The reply should be the records repeated exactly, without any images.

[[ INPUT FOR THIS TASK, beginning ]]

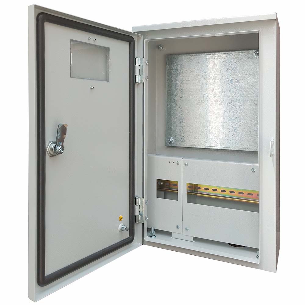 Служит для организации ввода электроэнергии в здание и размещения двух устройств учета однофазной и трехфазной сети. Применяется при стандартных проектах, не требующих размещения крупногабаритного и дополнительного оборудования.
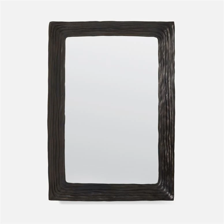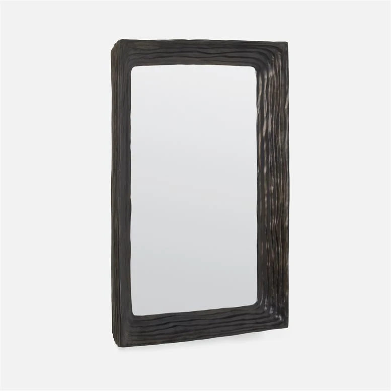 The Hetty Rectangular Mirror in Bronze from Made Goods features layered, wavy lines that lighten any space, This mirror has a rippled bevel style frame with an approximate 4” depth. The Hetty is a perfect touch of luxurious style for entryways, bathrooms, and living spaces alike.
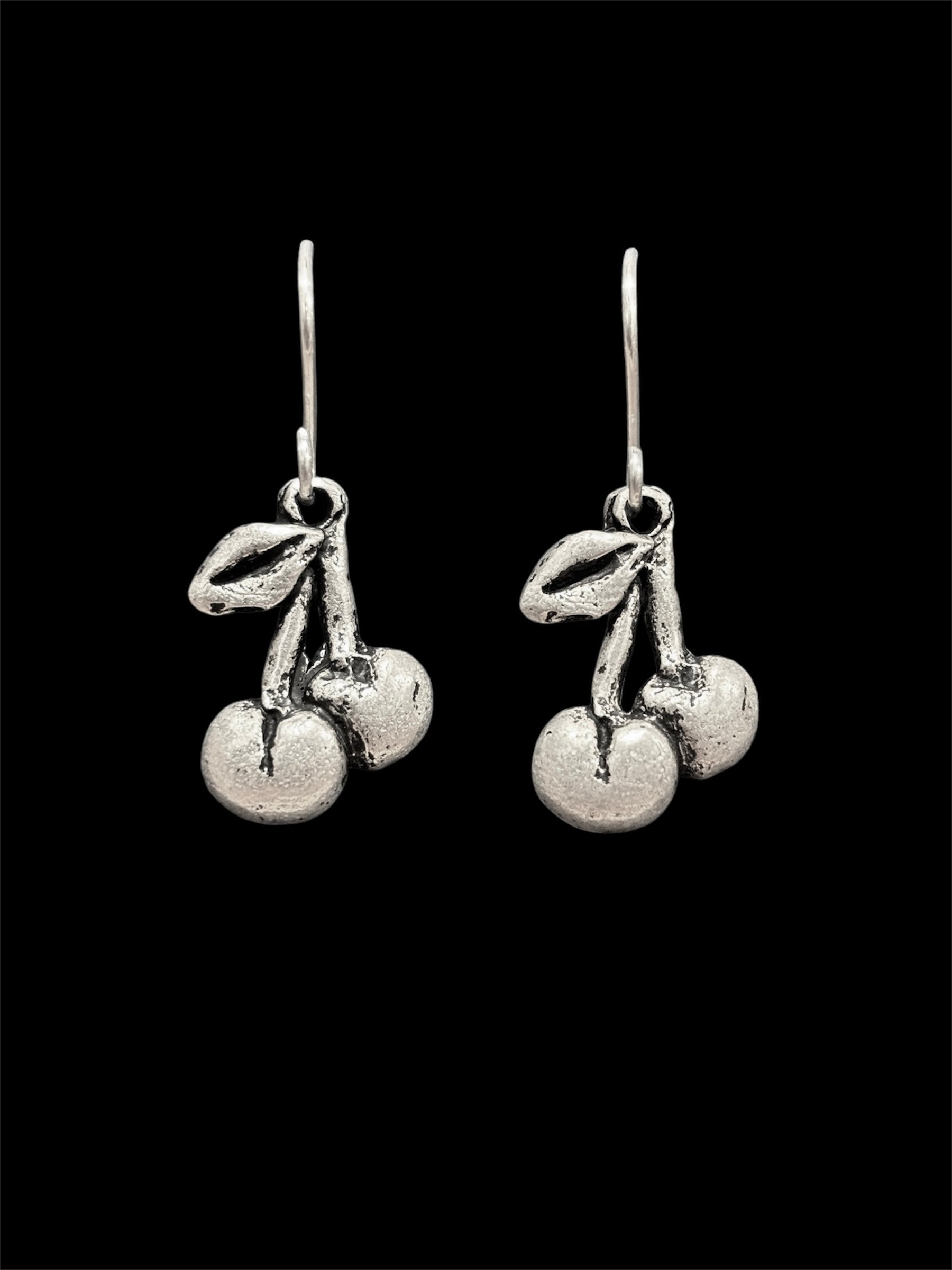 Minta: kis méretű, ezüst színű, cseresznye alakú medálKampó és medál anyaga: réz alap ezüstözve, amely króm és nikkel mentes, így allergiások is hordhatják
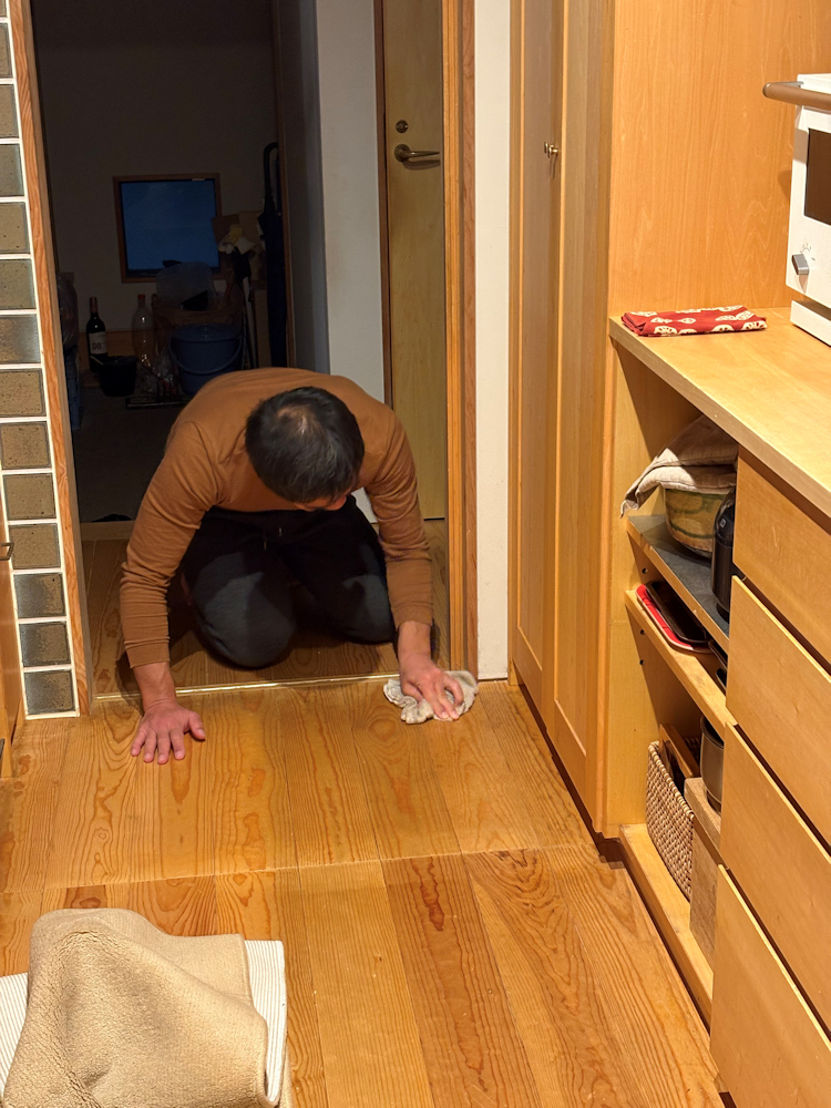 コンロ周りの床がべたつく気がするということで、ダイスケさんが拭き掃除をしてくれました。
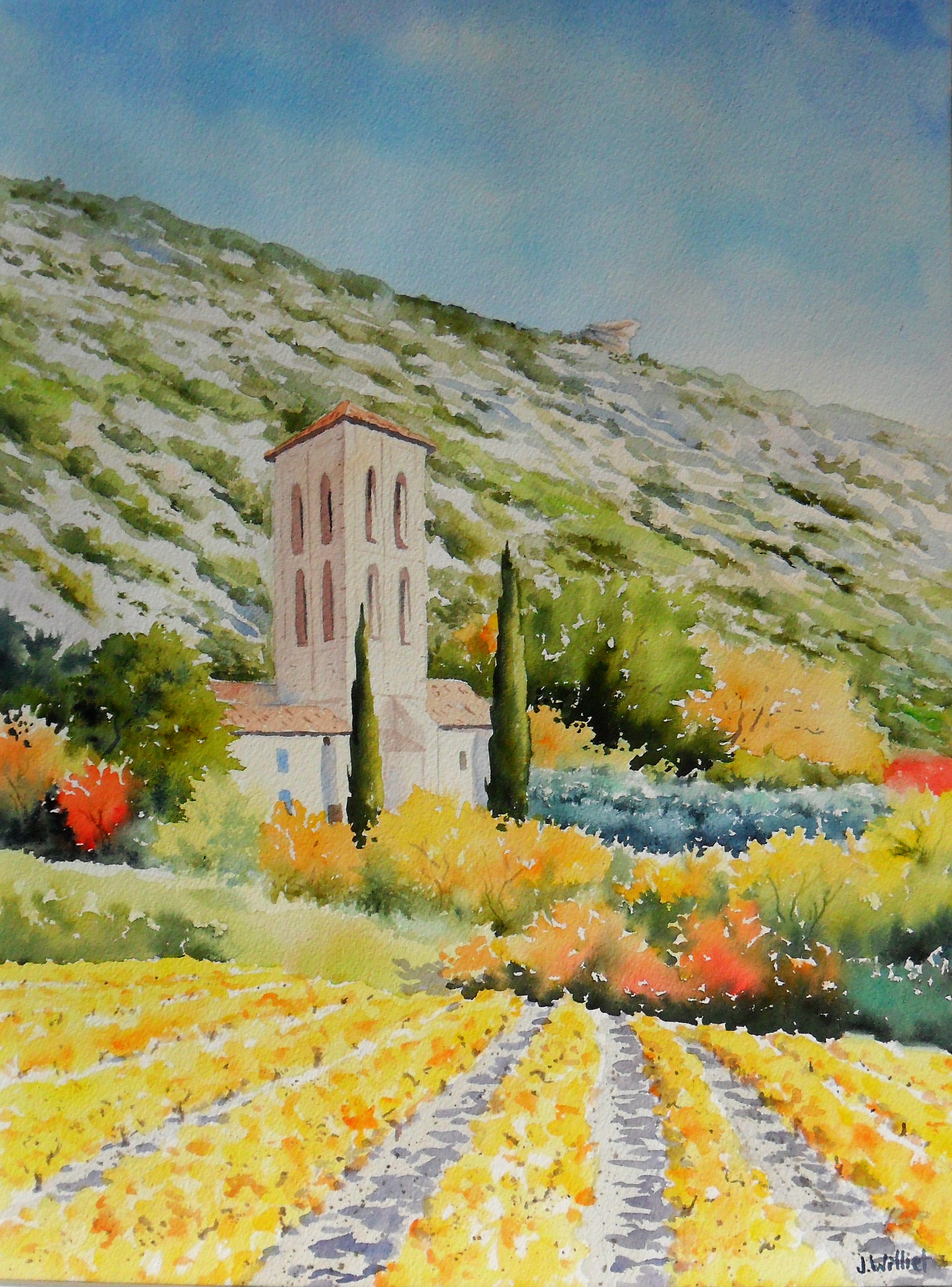 Il s’agit de Notre Dame d’Aubune (à Beaumes de Venise) en automne.. C’est le même sujet que je traitais avec certains élèves avant le confinement, mais pas la même photo..
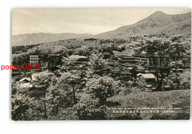 栃木 那須温泉 東公園より見たる湯本温泉全景 *傷み有り
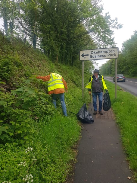 Ann Wood and Christine Marsh of ORIG organised the event with the Okehampton Freemasons, Rotarians, Lions and RoundTable plus Everything Okehampton and invited people to get involved with a Community Litter Pick.
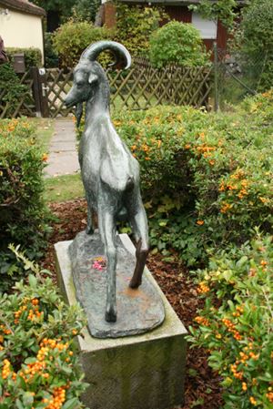 Die Bronzefigur eines Steinbocks steht über irregulär geformter Plinthe auf einem Sockel aus Beton (Kunststein). Der Sockel trägt auf seiner schmalen Frontseite eine Bronzeplakette mit einer Inschrift. Der Steinbock hat den Kopf zur Seite gewendet. Die Vorderläufe stehen auf einer kleinen Erhebung, die durch das kaum näher zu bestimmende Naturrelief als Stein- oder Felsbrocken zu deuten wäre. Dieser Teil der Plinthe zeigt eine vertiefte Inschrift (Jörg Kuhn).
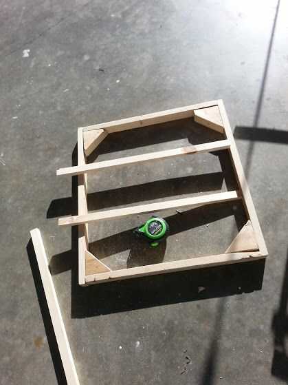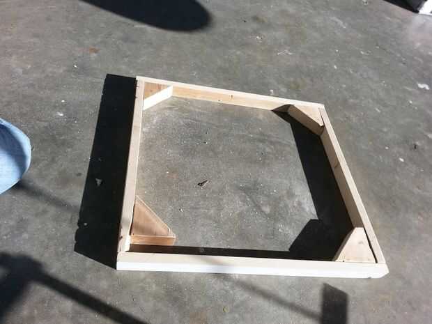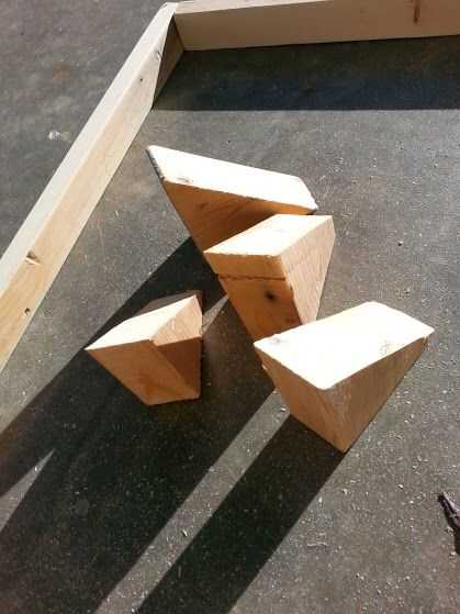 a continuación, necesita las esquinas para apoyar el marco. Tuve algunos pequeños trozos de 2 x 4 que eran perfectos. Veía en las esquinas y estén en perfecto ángulo recto. Colocarlos y asegúrese de que encajan. Recuerde, no tiene que ser bonito.
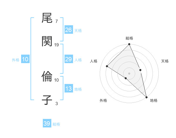 尾関 倫子さんの天格は26画の2点!

[[ INPUT FOR THIS TASK, end ]]

> EXERCISE RESPONSE
 Служит для организации ввода электроэнергии в здание и размещения двух устройств учета однофазной и трехфазной сети. Применяется при стандартных проектах, не требующих размещения крупногабаритного и дополнительного оборудования.
 The Hetty Rectangular Mirror in Bronze from Made Goods features layered, wavy lines that lighten any space, This mirror has a rippled bevel style frame with an approximate 4” depth. The Hetty is a perfect touch of luxurious style for entryways, bathrooms, and living spaces alike.
 Minta: kis méretű, ezüst színű, cseresznye alakú medálKampó és medál anyaga: réz alap ezüstözve, amely króm és nikkel mentes, így allergiások is hordhatják
 コンロ周りの床がべたつく気がするということで、ダイスケさんが拭き掃除をしてくれました。
 Il s’agit de Notre Dame d’Aubune (à Beaumes de Venise) en automne.. C’est le même sujet que je traitais avec certains élèves avant le confinement, mais pas la même photo..
 栃木 那須温泉 東公園より見たる湯本温泉全景 *傷み有り
 Ann Wood and Christine Marsh of ORIG organised the event with the Okehampton Freemasons, Rotarians, Lions and RoundTable plus Everything Okehampton and invited people to get involved with a Community Litter Pick.
 Die Bronzefigur eines Steinbocks steht über irregulär geformter Plinthe auf einem Sockel aus Beton (Kunststein). Der Sockel trägt auf seiner schmalen Frontseite eine Bronzeplakette mit einer Inschrift. Der Steinbock hat den Kopf zur Seite gewendet. Die Vorderläufe stehen auf einer kleinen Erhebung, die durch das kaum näher zu bestimmende Naturrelief als Stein- oder Felsbrocken zu deuten wäre. Dieser Teil der Plinthe zeigt eine vertiefte Inschrift (Jörg Kuhn).
 a continuación, necesita las esquinas para apoyar el marco. Tuve algunos pequeños trozos de 2 x 4 que eran perfectos. Veía en las esquinas y estén en perfecto ángulo recto. Colocarlos y asegúrese de que encajan. Recuerde, no tiene que ser bonito.
 尾関 倫子さんの天格は26画の2点!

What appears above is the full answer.